Peyton Place Finds a Home at USC Libraries
A marked-up script from the fourth season of the ABC series Peyton Place

For generations of soap opera fans, the mere mention of Port Charles, Genoa City, Llanview, Oakdale or Pine Valley conjures memories of intrigue, infidelity and blackmail.

But when discussing nighttime serials of years gone by, many of these locales take a backseat to the emotional underpinnings of Peyton Place.

Writer, producer and director Walter Doniger, who directed more than 60 episodes during the show’s run, donated his personal archives of film and television memorabilia to USC. Housed in the USC Libraries’ Cinematic Arts Library, the Walter Doniger Collection includes scripts and set drawings from the production.

Based on the 1956 novel of the same name by Grace Metalious and set in a small New England town, the popular serial premiered on ABC in September 1964.

Although the critics were harsh in their reviews of the program, viewers made the series – the first successful nighttime soap opera – a regular destination.

Peyton Place so effectively captivated its audience that when the network expanded the show to three nights a week – attracting more than 60 million viewers during its heyday – the network ascended to the top of the Nielsen ratings for the first time in its history.

Devotees eagerly watched to see if teen sweethearts Rodney Harrington and Allison MacKenzie (portrayed by youthful Ryan O’Neal and Mia Farrow) could overcome the machinations of Betty Anderson (Barbara Perkins) or whether Allison’s mother, Constance (Dorothy Malone), would find happiness with Dr. Rossi (Ed Nelson) or Allison’s long-lost, wrongfully imprisoned father, Elliot (Tim O’Connor).

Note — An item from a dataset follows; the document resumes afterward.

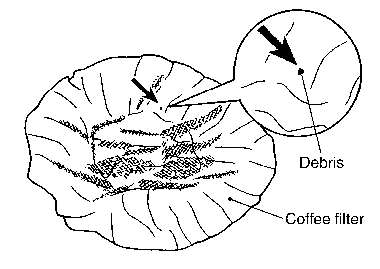 a. If small metal debris less than 1 mm (0.040 in) in size or metal powder is found in the coffee filter, this is normal. If normal debris is found, the CVT fluid cooler/radiator can be re-used and the procedure is ended.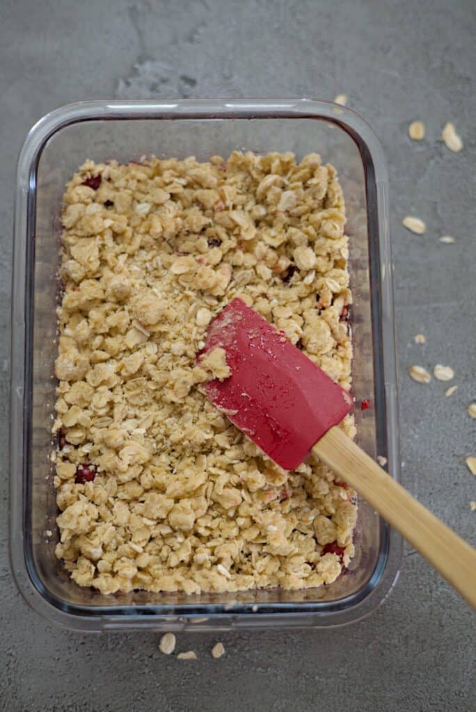 4. Sprinkle the crumble topping evenly over the red currant mixture in the baking dish.

In adapting the TV series, the writers deviated significantly from Metalious’ book, as well as the 1957 film starring Lana Turner. Many of the book’s themes were deemed too risqué for a prime-time television audience.

The series’ writers toned down controversial plotlines and notably altered core characters. They also contemporized the show by setting it in the 1960s, though Metalious envisioned Peyton Place during World War II.

The book, film and television show have become part of the American vernacular. The phrase “Peyton Place” remains synonymous with a community consumed by libidinous and immoral behavior.

After a number of major cast defections and increased competition from programs such as Rowan & Martin’s Laugh-In, the show’s ratings plummeted. After five seasons and 514 episodes, viewers left Peyton Place for the last time on June 2, 1969.

For more information on the Doniger collection, contact the USC Cinematic Arts Library at (213) 740-3994 or cin@usc.edu. Copies of Metalious’ book also are available to check out through the USC Libraries.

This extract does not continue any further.